Disappointment hit me like a cold draft. Okay, so either he didn’t come to see me, or we’re going to pretend he didn’t.
I forced a smile. “It’s been a long time.”
“It sure has.” He walked closer, and I waited for the warmth to soften his expression, for some flicker of the Mark I used to know. But it didn’t come.
The initial urge to greet him with an enthusiastic hug quickly evaporated. Instead, I stood rooted to the spot, my hands hooked in the front pockets of my jeans.
Things had been awkward after prom. My mother had forbidden me from hanging out with him. I fought her on it, but the argument was soon overshadowed by her sudden announcement: we were relocating to Portsmouth.
No discussion.
No debate.
Any resistance was met with near hysteria. She needed to leave Maplebridge—right after my graduation—and she needed us with her.
Mark and I had somewhat smoothed things over after prom, but nothing was the same. He became distant, and I was too overwhelmed by the idea of leaving everything I knew behind. When I moved away, he asked if he could visit.
I said no.
I had shut everyone out. Even Eliza. She came anyway. I wish I could say I had been more grateful at first, but I was angry—at everyone, at everything.
She kept coming anyway.
Looking back, I should have reached out to Mark. His senior year hadn’t ended the way he wanted either. Everyone was shocked when he stayed behind to care for his parents instead of leaving for college. That couldn’t have been an easy choice.

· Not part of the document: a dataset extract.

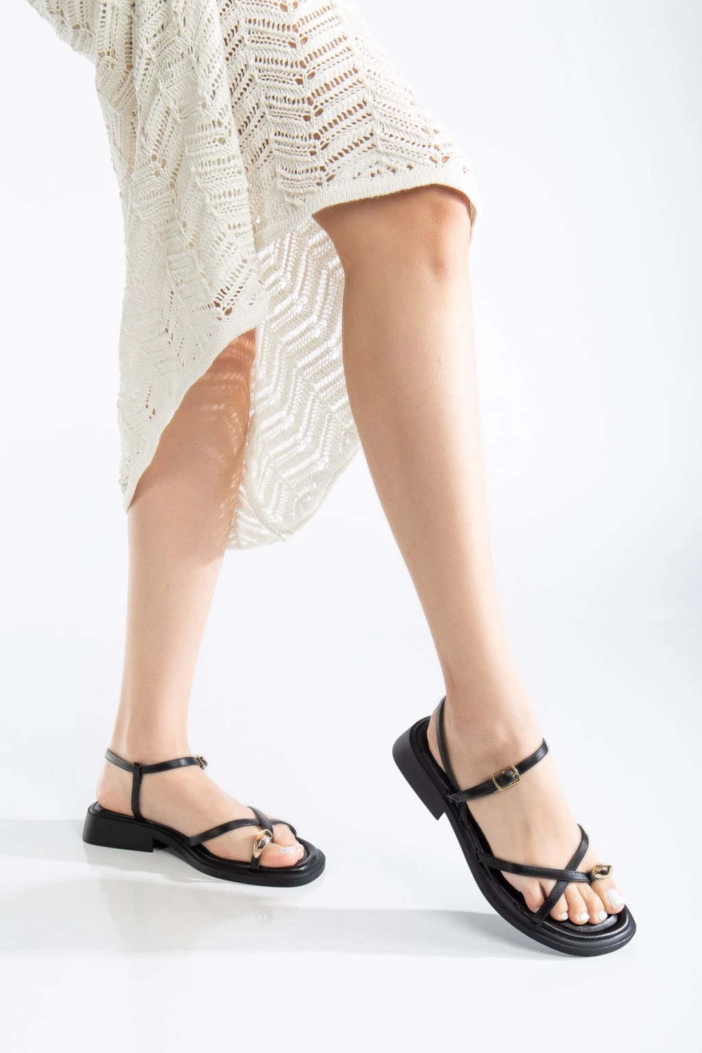 Saide Siyah Cilt Cırt Cırtlı Sandalet

I shouldn’t have let my embarrassment over prom ruin our friendship. I should have called and explained how I felt, that shutting him—and Maplebridge—out all at once made the pain of leaving easier to bear.
He probably doubted I had ever cared at all for him.
He had every right to feel that way.
We both made bad choices that year.
No, he hadn’t come to my grandfather’s funeral, but I knew why. Did I call him to check on his father? No—but I should have. Selfishly, I had let my social anxiety stop me from being the kind of friend to him that Eliza had been to me.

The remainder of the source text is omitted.